**Input data**
-------

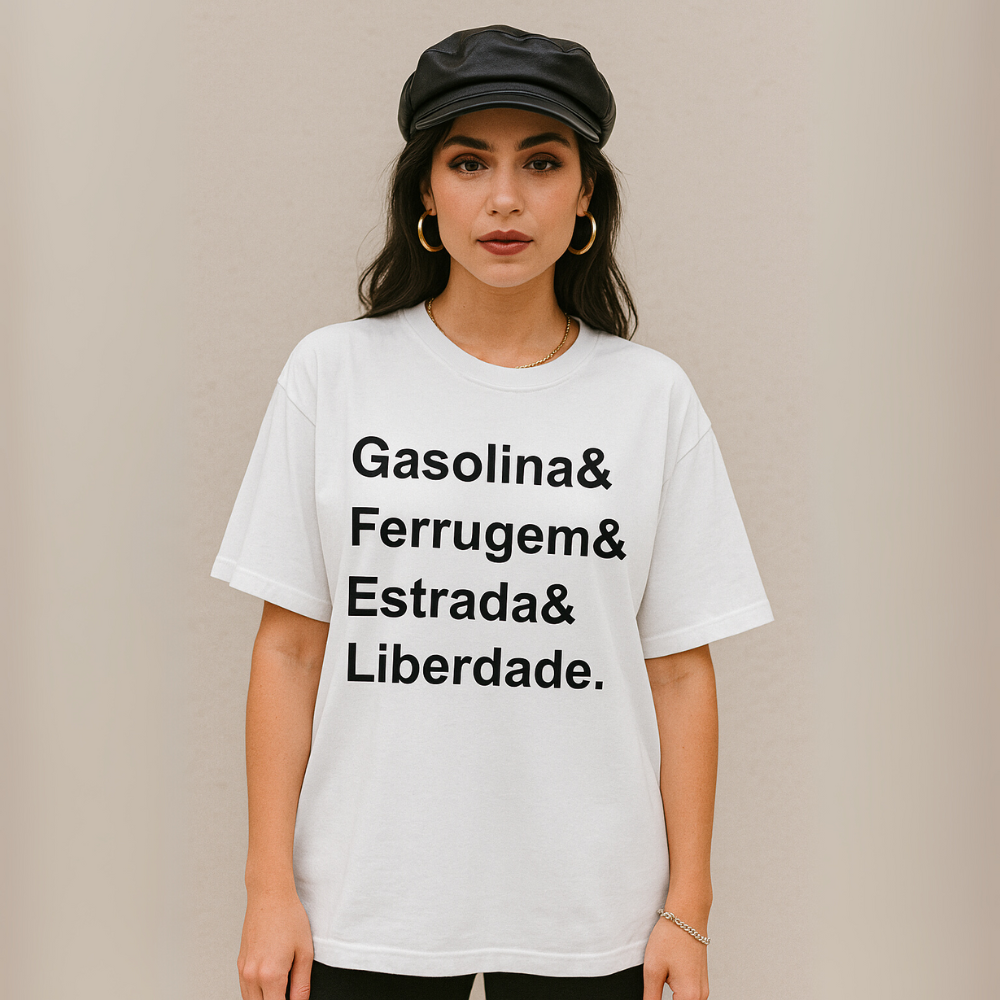 A Camiseta Oversized “Gasolina & Ferrugem & Estrada & Liberdade” é a tradução perfeita do espírito livre de quem vive a estrada. Com estampa tipográfica marcante, essa peça transmite autenticidade, atitude e paixão pelo lifestyle automotivo.
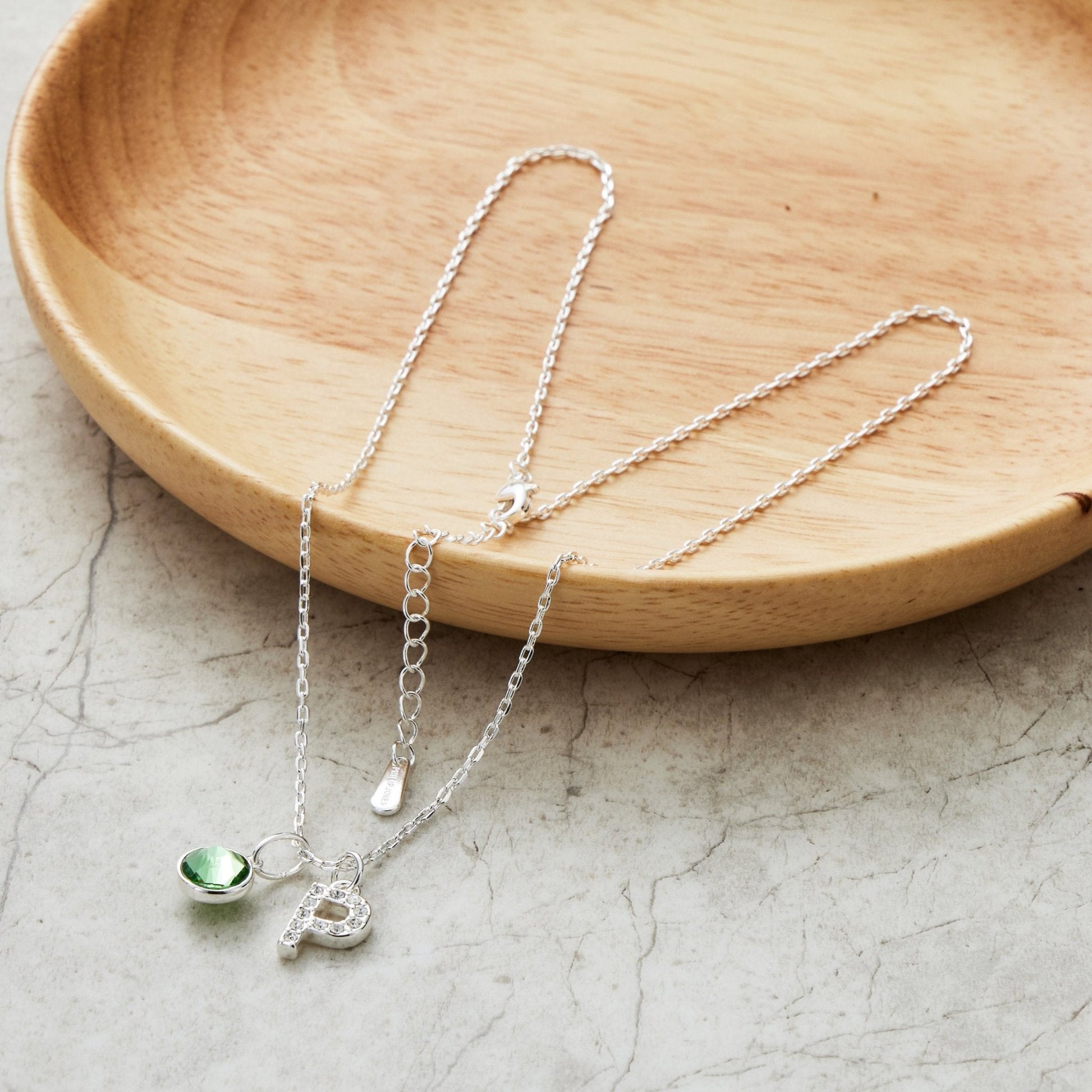"Add some sparkle to your style with our Pave Initial P Necklace, featuring a birthstone charm created with Zircondia® Crystals. This silver-plated necklace is hypoallergenic and perfect for everyday wear. The 13mm pendant and 43cm chain are designed to catch the eye, while the lobster claw closure offers secure wear. Packaged in a gift pouch, it makes a thoughtful present for yourself or a loved one."
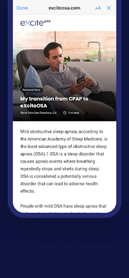 eXciteOSA® is the only daytime solution clinically proven to treat the root cause of mild obstructive sleep apnea (OSA) and snoring, rather than simply relieve the symptoms. The device only needs to be worn for twenty minutes a day, once a day, for six weeks, and twice a week thereafter.
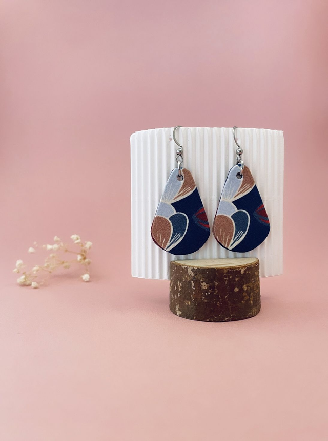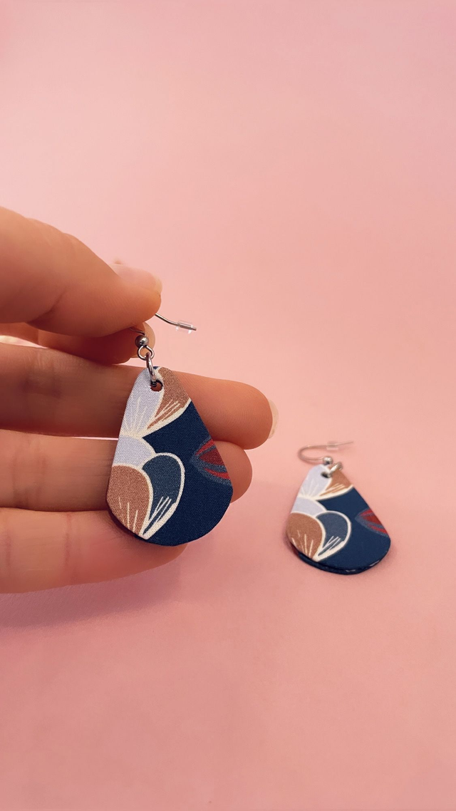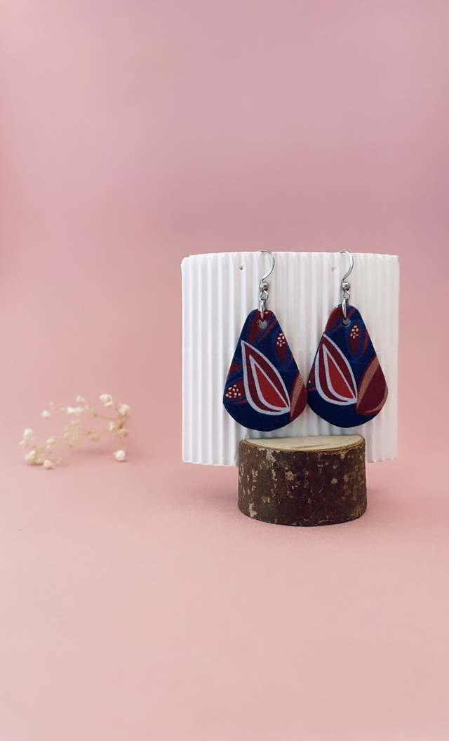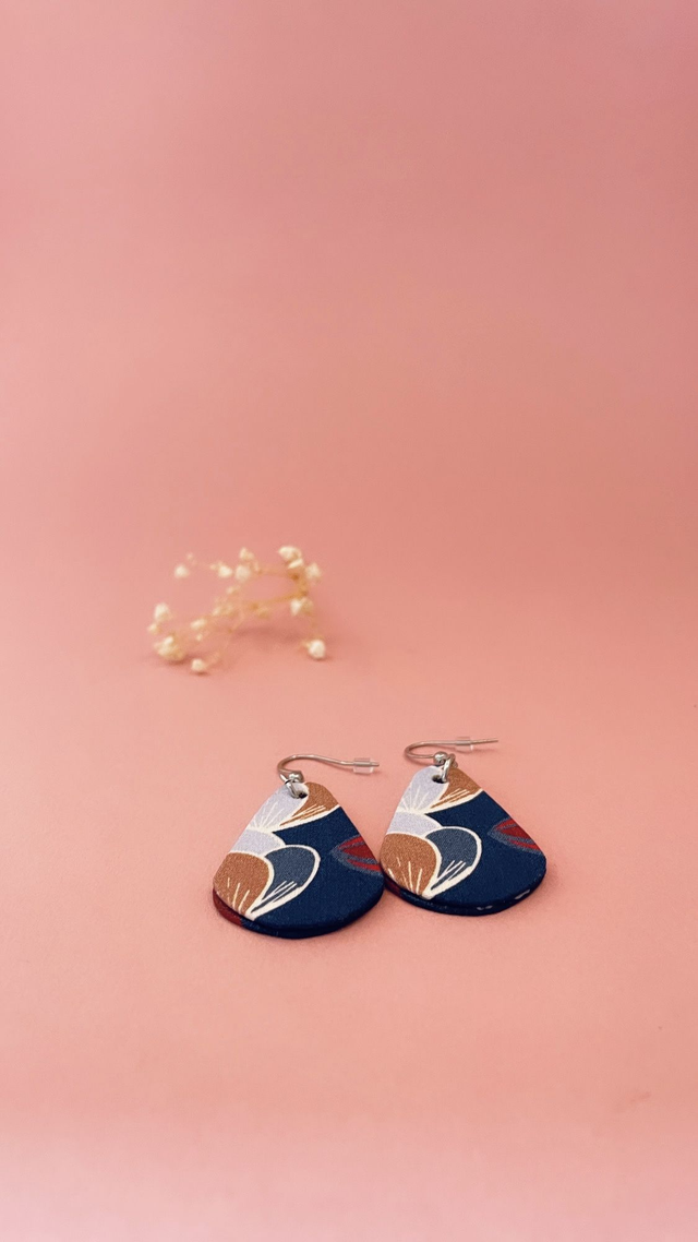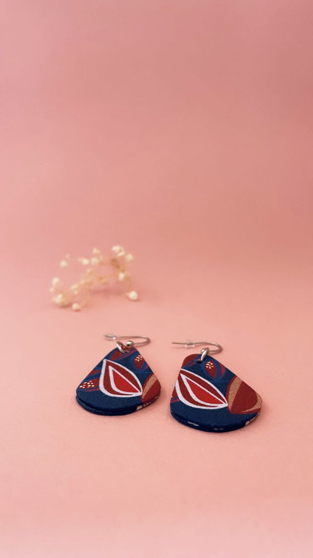 Boucles d'oreilles carton et tissu imprimé forme petites gouttes, collection «la nuit fleurie » - tons bleus, bordeaux, beiges.
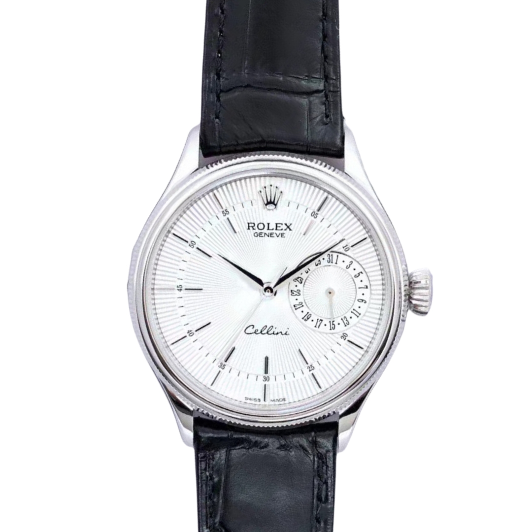 Rolex Cellini Date 39mm White Dial Platinum Bezel Black Leather 50519-0006

-------

**Exercise instructions**
Down to the last line, set down the data above exactly, and omit all images.

**Response to this exercise**
 A Camiseta Oversized “Gasolina & Ferrugem & Estrada & Liberdade” é a tradução perfeita do espírito livre de quem vive a estrada. Com estampa tipográfica marcante, essa peça transmite autenticidade, atitude e paixão pelo lifestyle automotivo.
"Add some sparkle to your style with our Pave Initial P Necklace, featuring a birthstone charm created with Zircondia® Crystals. This silver-plated necklace is hypoallergenic and perfect for everyday wear. The 13mm pendant and 43cm chain are designed to catch the eye, while the lobster claw closure offers secure wear. Packaged in a gift pouch, it makes a thoughtful present for yourself or a loved one."
 eXciteOSA® is the only daytime solution clinically proven to treat the root cause of mild obstructive sleep apnea (OSA) and snoring, rather than simply relieve the symptoms. The device only needs to be worn for twenty minutes a day, once a day, for six weeks, and twice a week thereafter.
 Boucles d'oreilles carton et tissu imprimé forme petites gouttes, collection «la nuit fleurie » - tons bleus, bordeaux, beiges.
 Rolex Cellini Date 39mm White Dial Platinum Bezel Black Leather 50519-0006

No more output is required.